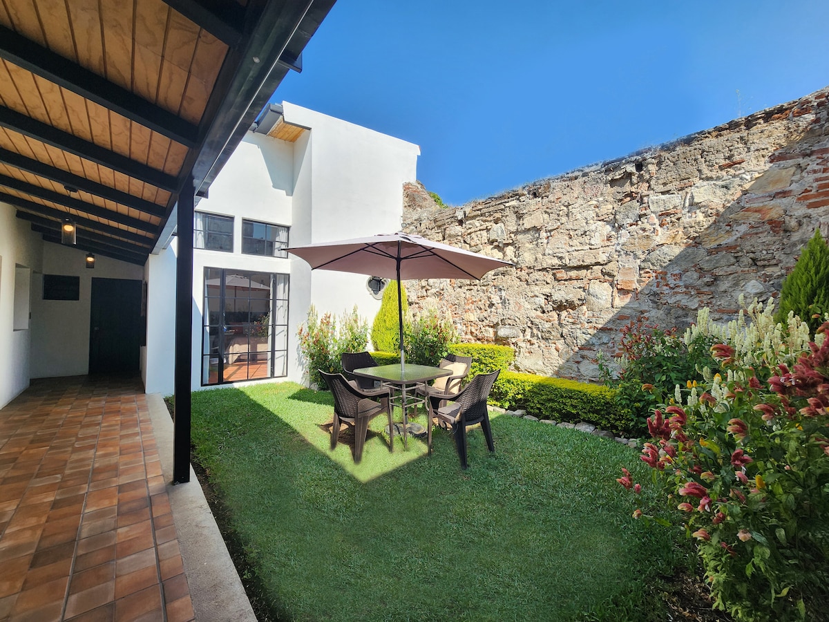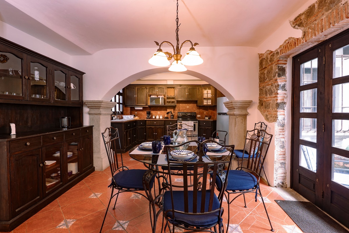 Enjoy Antigua in our house, Casa del Centro. A cozy place just 60mts from central park (1/2 block) the best in town. You can take the meals or the sun at the garden and enjoy the different lovely areas at the house. The house has a lobby, 2 rooms with queen beds. The principal room has a mezanine with a working area. Complete Kitchen, dinning and living room, laundry. The parking is free but it is located at 5 blocks. Wifi 80megas.
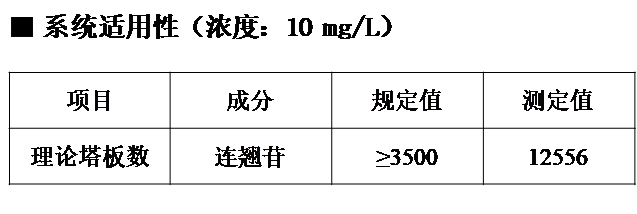 综上所述,日立高效液相色谱仪Primaide 系统测定连花清瘟胶囊(颗粒)中连翘苷含量,符合《中国药典》2015版的要求,测定重现性好,结果准确可靠。
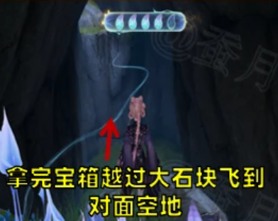 42、然后踩搭建的石块跳上停住的大石块,再飞到对面宝箱处
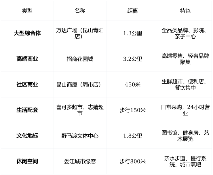 周边配套:1–3公里内,解锁昆山城芯生活圈
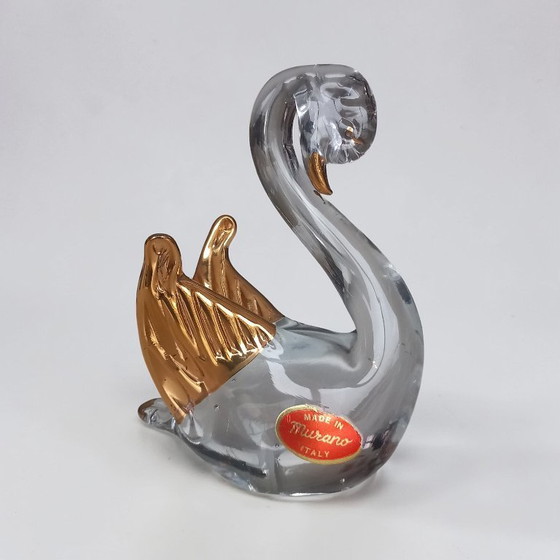 Hand-blown Murano glass swan in transparent glass with gold-colored wings and beak. Features original “Made in Murano Italy” sticker.

# [REQUIRED ACTION]
Take the lines from the one holding "综上所述,日立高效液相色谱仪" through the final line of the records above and output them exactly, both ends included, excluding pictures.

# [OUTPUT BELOW]
 综上所述,日立高效液相色谱仪Primaide 系统测定连花清瘟胶囊(颗粒)中连翘苷含量,符合《中国药典》2015版的要求,测定重现性好,结果准确可靠。
 42、然后踩搭建的石块跳上停住的大石块,再飞到对面宝箱处
 周边配套:1–3公里内,解锁昆山城芯生活圈
 Hand-blown Murano glass swan in transparent glass with gold-colored wings and beak. Features original “Made in Murano Italy” sticker.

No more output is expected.